Me, I had the faintest fuckin' clue. Maybe only just faintly, maybe. But still it was a clue, Sherlock.
Because what he was doin' was in English, much of it. A whole lot of it, actually. And having been raised in Arizona, English was not my natural ouevre, mon metier, my language, my thang. But his work was, however, in a spectacularly gloriously fucked-up English, in Cockney rhyming slang and vernacular vulgate vulgarisms, and some sheerly poetic rudeness, and this, this cant I could and can do, in many a language, chingadero. I can call you inappropriate names in Dutch, dude, and I can certainly speak to you in Arizona-isms, in an argot d'Arizona that will make you feel like a Dutch, uh, Balzac.
(And plus, hey, I'd attended the occasional English class and everything before I dropped out. Some of which where they read Shakespeare at you, or at least had your fellow classmates stutter through it, and others where you were played records of some English-accented English ac-tor reciting "Paradise Lost," as written by some English guy. So it wasn't like I couldn't talk the stuff if necessary. Although I lived in fuckin' Arizona, dude, so English, let's face it, wasn't ever necessary.)
So I did what you did in those days, and still do today. I went to the desk and called the tour manager. (Though in those days, the tour manager was called the road manager, and it wasn’t until long years later that I truly understood the distinctions.) The road manager was named Kosmo. Kosmo Vinyl. It was early days still for punk rock names, but I’d been immersed from the earliest, so I was less off-balanced than I might have been, but still . . . it’s a tad bit of a challenge to go to the sparkly turquoise formica desk of the tasteful tan TraveLodge of Tempe, Arizona in 1978 and then get them to follow through on ringing Mr. Vinyl’s room, Mr. Kosmo Vinyl. Could you please spell that last name for me again?
Mr. Vinyl appeared after not too many minutes, the ceremonial three-beat delay, hand-operating the tour protocol that involved showing up, saying hello, then disappearing to go appropriately gather the Rock Star. It was, and is, The Way. You wouldn't, for example, have the front desk-tender of the Tempe TraveLodge pick up his tan-toned telephone and ring directly to the room of, say, Her Royal Highness Queen Elizabeth, now would you? No. First, you'd ring Mr. Vinyl's room. De rigeur, dude.

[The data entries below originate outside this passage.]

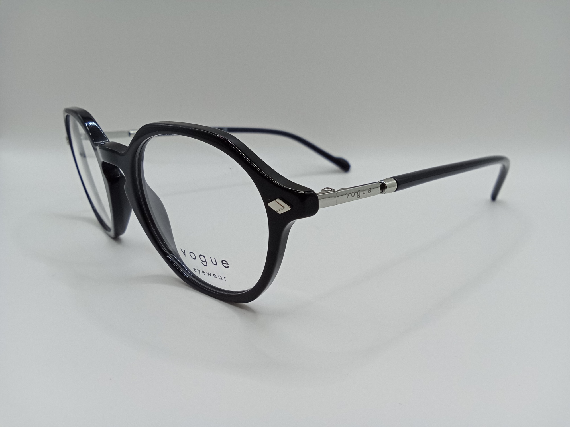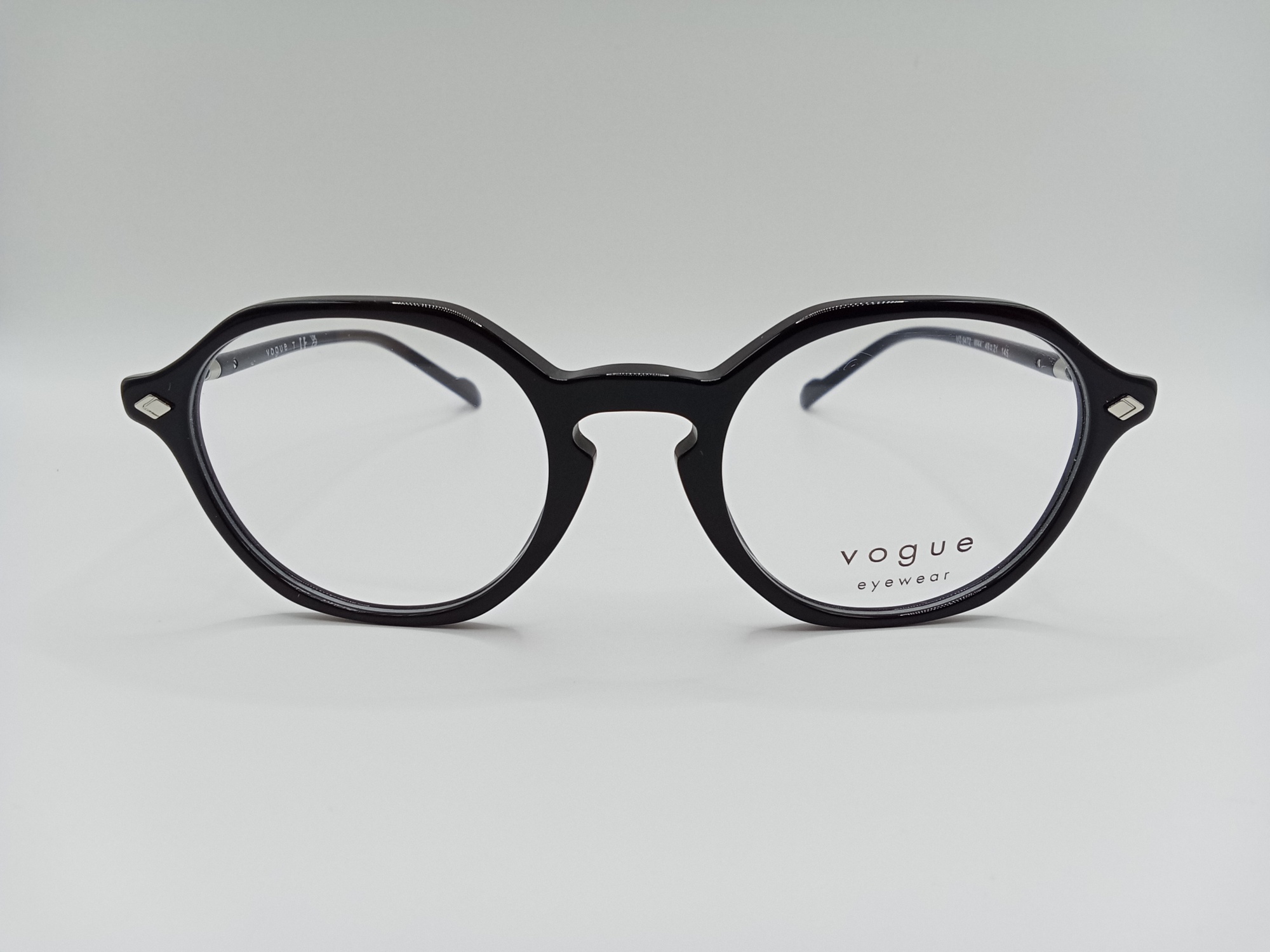 Oprawka Vogue VO 5472 W44 ma ciekawy, geometryczny kształt. Wykonano ją z wysokiej jakości tworzywa w czarnym kolorze. Na zausznikach ma metalowe elementy w srebrnym odcieniu.
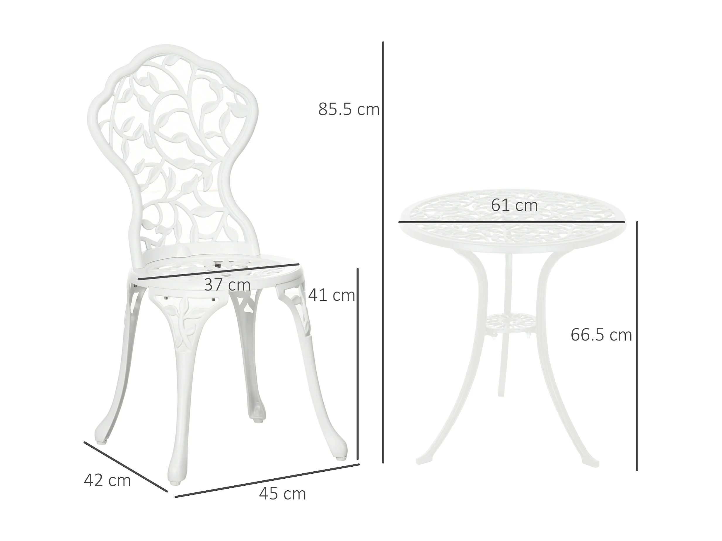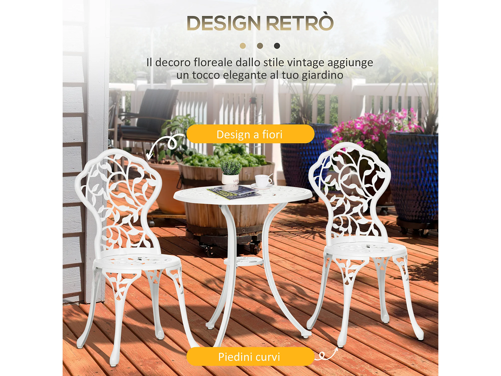 Set tavolino e sedie da giardino 3 pezzi in alluminio bianco
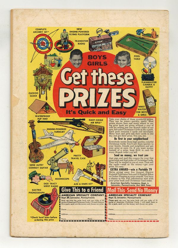 Ended Apr 1 2024 Winning Bid $40 Cover art by Al Plastino. The Man Who Stole Superman's Powers starring Superman and Abner Hokum, art by Al Plastino. The Puppet With X-Ray Eyes starring Superman and Paul Berg, script by Otto Binder, art by Al Plastino; Clark is stunned to discover that a puppet can see through things. The Duplicate Disasters starring Superman, pencils by Wayne Boring, inks by Stan Kaye. 36 Pages, Full Color. Cover price $0.10. Grade: VG- 3.5 explanation of grade Condition: Used (collectible)
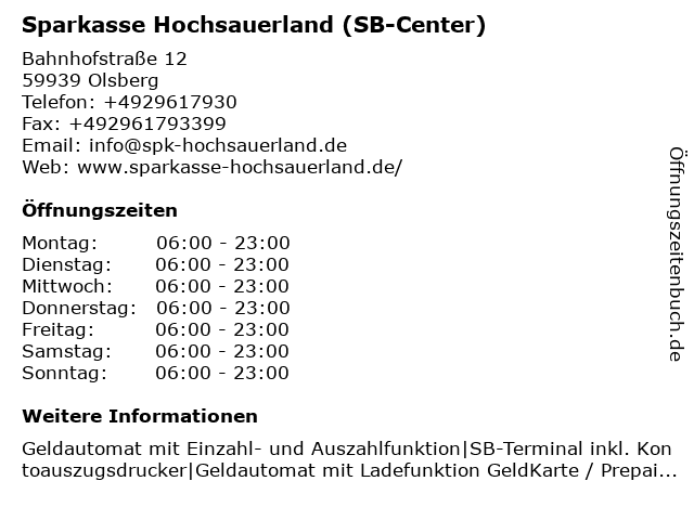 | Sparkasse Mitten im Sauerland (SB-Center) anrufen | |

Mr. Vinyl had an almost nearly perfect – no, it wasn’t almost, nor nearly; it was entirely, utterly, precisely perfectly Perfect – punk rock brush-cut hedgehog hairdo, short on the sides, spikey-bushy on the top, but his bush spikes were trimmed as symmetrically as the finest Midlands suburban hedge. It was red, his hair, flame red, fiery red, hot coal red, but Red, RED, a Red not found in nature but mostly in crayon boxes. (Marked "Red.") And this was years and years before this kind of hair-coloration could be located in all the finer hepster hair salons. Certainly in Arizona, that's for certain.

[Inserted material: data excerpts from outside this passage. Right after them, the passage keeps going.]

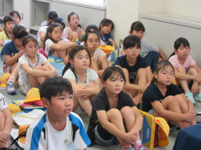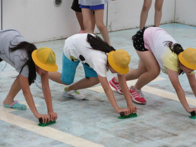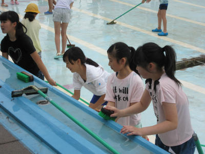 6年生が、最初はまじめにプール掃除をしていました。そのうちに、プールではないところに水をかけていました。とにかく、全員でしっかりきれいに取り組んでいました。
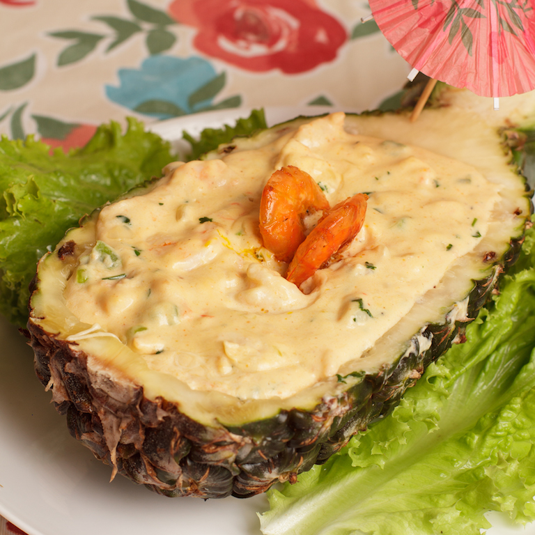 CASA DE MAINHA – É Bom Demais Júnior é uma receita de camarão com sururu no abacaxi.
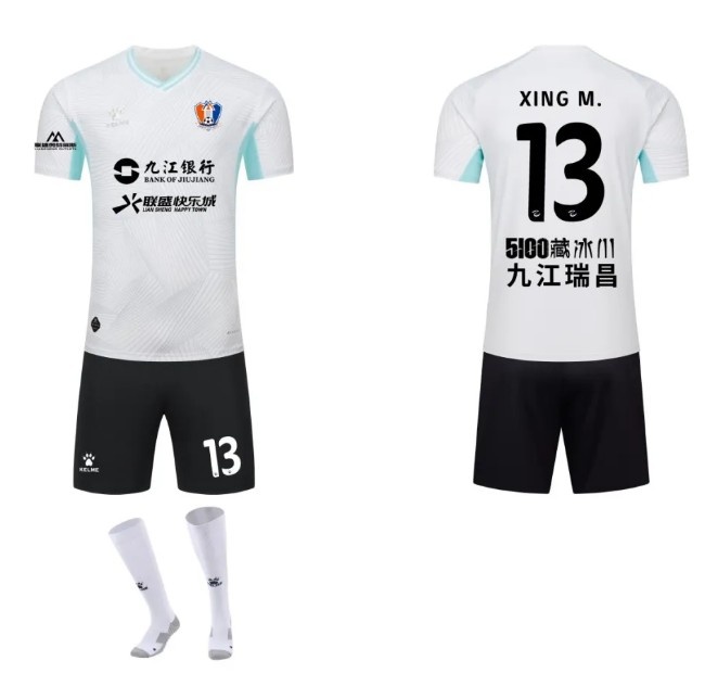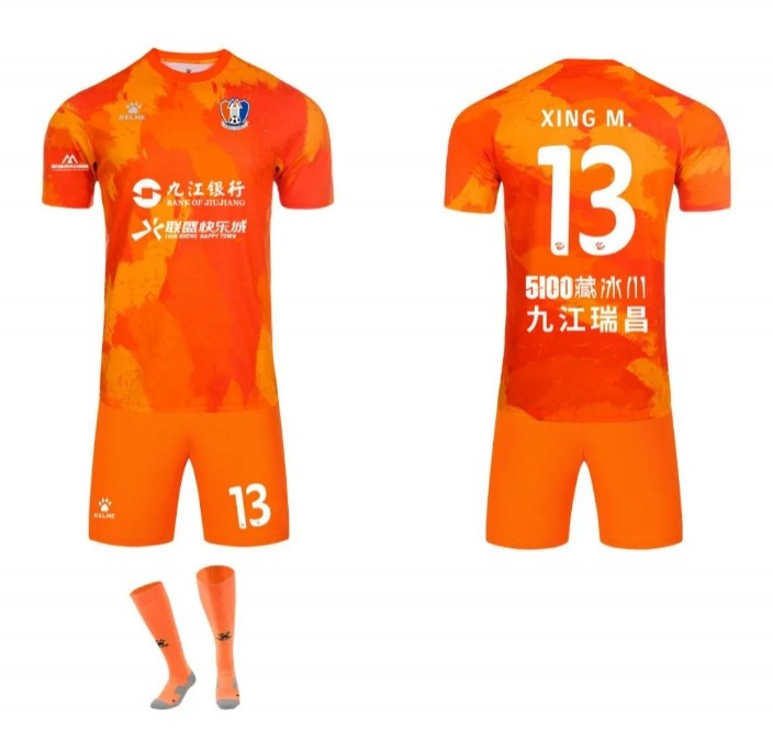 主場戰袍延續了江西廬山隊經典的橙色主色調,象征著激情、活力與勝利。球衣正面采用漸變設計,猶如長江之水奔流不息,寓意著江西足球生生不息,勇往直前。球衣背面印有“九江瑞昌”字樣,彰顯著球隊為江西、為九江、為瑞昌榮譽而戰的決心。
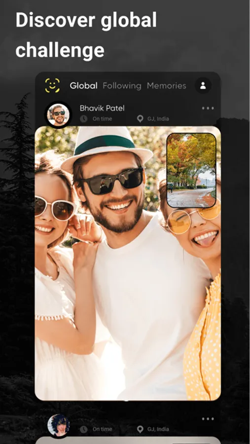 After get notification first to see what’s today challenge then follow, capture and share. User have option to share global or friends only or disable to share with location. Once our system trigger notification all past challenges in global section will remove and new photo will added.
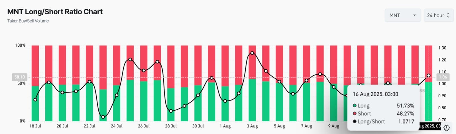 Meanwhile, Mantle’s Long/Short Ratio hit 1.01, with longs accounting for 51.7% and shorts for 48.3% of positions.
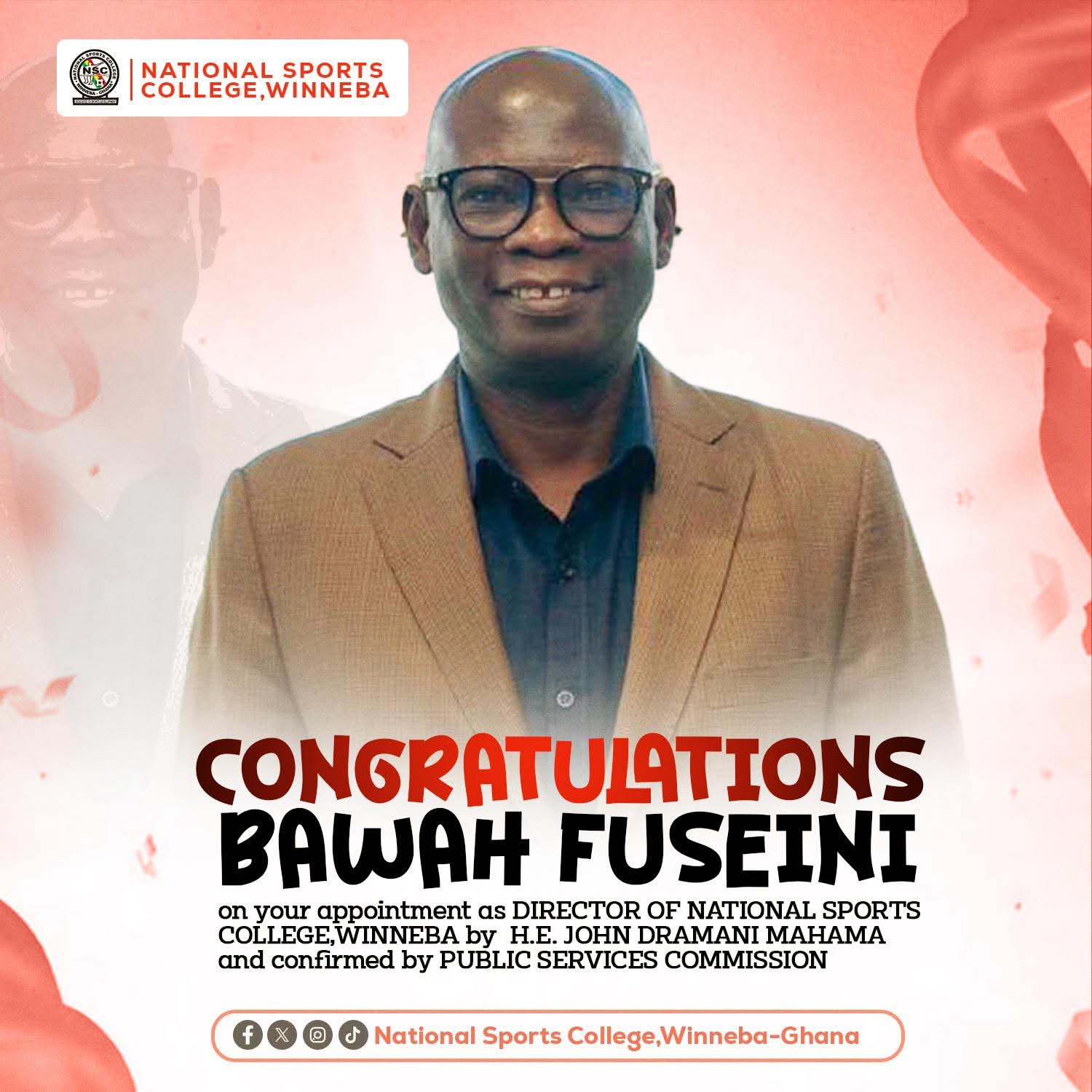 Bawah Fuseini has been appointed Director of the National Sports College, Winneba, following approval by H.E. John Dramani Mahama and confirmation by the Public Services Commission.
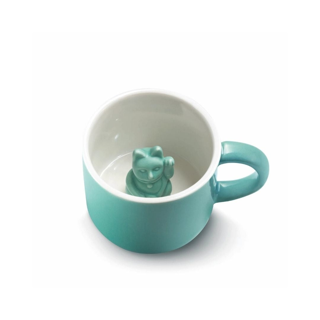 A ceramic lucky cup with a cat taking a bath inside. Fun and design, it will make you smile in the morning and bring you luck!
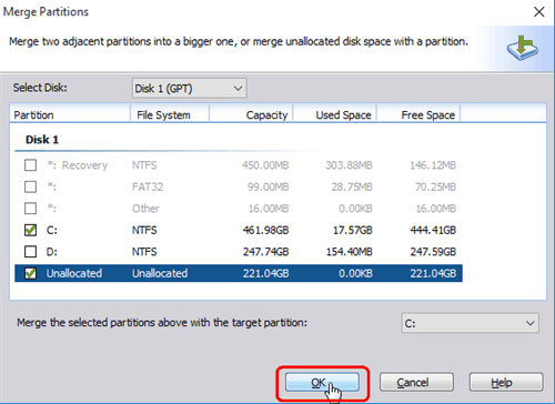 Step 3: In the small pop-up window, check both the unallocated space and C drive and then click “OK”.

Anyway, Mr. Vinyl was a sight to cause sore eyes, quite likely black ones. In addition to his Woody Woodpecker plumage, he sported one of those sleeveless limey t-shirts, the kind that were known, upon their rare and infrequent sightings in Arizona, as "ladies' blouses," and suggested — no, demanded— a severe and serious ass-whipping when worn on a street by a man. I'd been interviewing the touring musical English for years by then, and invarably somewhere in their entourage, since at least about '75 or so, was a guy, a bloke, a geezer, wearing a t-shirt with no damn sleeves, and he invariably wanted to come with us to the bar where we were going to sit and talk, and when he did, a big ol' Arizona-style whup-ass fight was gonna break out, on account of him shamelessly wearing a ladies' blouse while talking in an English accent like a damn faggot, and thus absolutely enraging the dudes with the elaborately-detailed feathered-plumed cockades arranged precisely just above and across and around the brim of their cowboy hats. Some things is manly, some ain't.

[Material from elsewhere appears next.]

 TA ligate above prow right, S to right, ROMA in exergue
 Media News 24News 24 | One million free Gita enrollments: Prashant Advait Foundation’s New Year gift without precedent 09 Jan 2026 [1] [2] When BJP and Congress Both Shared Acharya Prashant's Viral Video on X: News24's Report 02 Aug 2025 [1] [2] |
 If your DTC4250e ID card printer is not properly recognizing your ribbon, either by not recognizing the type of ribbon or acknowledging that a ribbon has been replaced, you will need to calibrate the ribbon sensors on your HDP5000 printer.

Oh, and Mr. Vinyl's t-shirt-blouse thing was pink.
Meantime, as I did the ritualized heel-cooling in what the Tempe TraveLodge had in place of a lobby, which was a couch and a coffee table and a two chairs and a Coke machine, with candy and cigarettes vending available just down the hall for discretion, two sleepy tousled Blockheads wandered by, confused, as musicians usually are, and as great ones ever are, by their surroundings. The Blockheads, by the way, were Ian Dury's band, his assemblage of astonishingly ass-kicking musos. My memory tells me it was Mickey Gallagher and Norman Watt-Roy, but I've learned, in all the years since, that if you associate with the muddled musician mind of a morning (which for them, fairly enough, is post-noon-ish or better, much later) then your own razor-sharp organ of ratiocination begins to tilt gyroscopically. Soon, should you not be on your guardiest of guards, you'll be helping them find McDonald's in Pisa, or Boomer bass strings (but only the flat-wound ones, not the round-wound ones, the ones that are widely available) in Dunedin, New Zealand, on Sunday, around 6:15 in the evening, when the shops have been closed for 32 hours already.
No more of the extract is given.